W3C home > Mailing lists > Public > uri@w3.org > April 2004

Re: grammar fix for path

From: Graham Klyne <GK@ninebynine.org>
Date: Tue, 06 Apr 2004 18:53:11 +0100
Message-Id: <>
To: "Roy T. Fielding" <fielding@gbiv.com>
Cc: uri@w3.org

At 18:51 25/03/04 -0800, Roy T. Fielding wrote:

>On Tuesday, February 17, 2004, at 04:01  AM, Ray Merkert wrote:
>>I was just in the middle of looking at IRIs, when I noticed something 
>>strange.

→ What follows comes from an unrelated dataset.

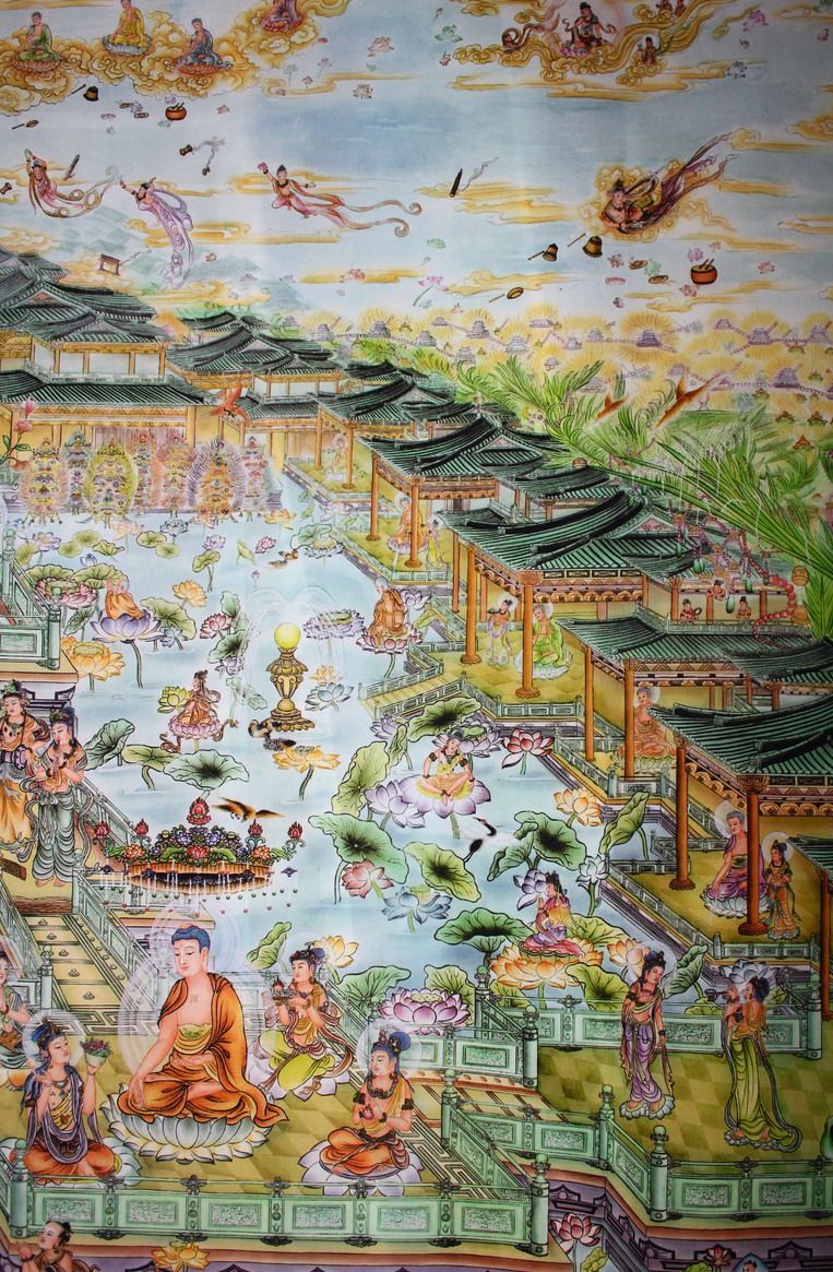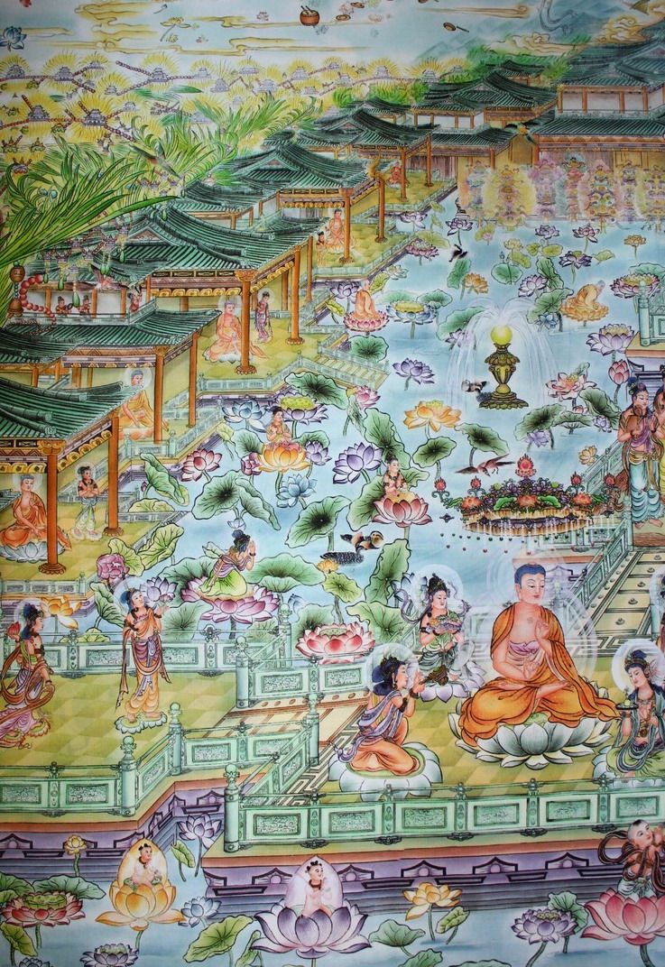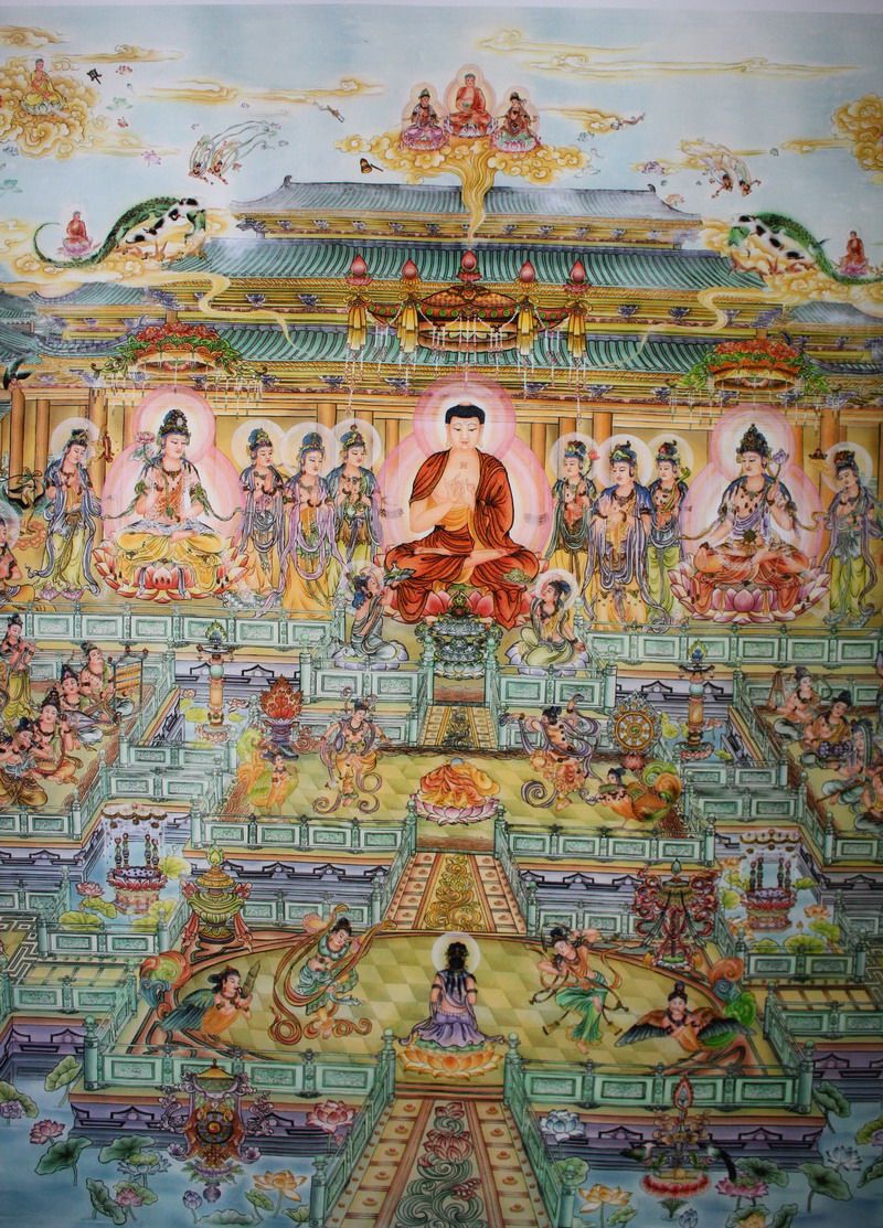 Buddha's statement map Western Paradise map Western Three Saints portrait Buddhist portrait HD version has been mounted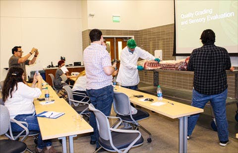 Members of the Mexico media team participate in a U.S. red meat cutting demonstration at Colorado State University

It seems the
>>URI 'http://w3c.org:80path1/path2' has become a valid URI, at least 
>>according to the
>>collected BNF grammar in draft-fielding-uri-rfc2396bis-04.txt.
>I have tried various ways of explaining it in the text and finally
>went back to multiple definitions of path, though I hope I've done
>a better job of disambiguating the different cases than I did for
>2396.  I would appreciate it if the grammar-driven parsing experts
>could have a look at
>    http://gbiv.com/protocols/uri/rev-2002/rfc2396bis.html (or .xml)
>and see if the new ABNF rules work (I've already tested them with
>the abnf.c tool).

While coding, I notice:

    path          = path-abempty    ; begins with "/" or is empty
                  / path-abs        ; begins with "/" but not "//"
                  / path-noscheme   ; begins with a non-colon segment
                  / path-rootless   ; begins with a segment
                  / path-empty      ; zero characters

is ambiguous, in that there are two productions yielding an empty path:

Suggest:  drop path-empty.

Similarly, I think that path-abs is redundant in  this production, since 
anything that matches path-abs will also match path-abempty.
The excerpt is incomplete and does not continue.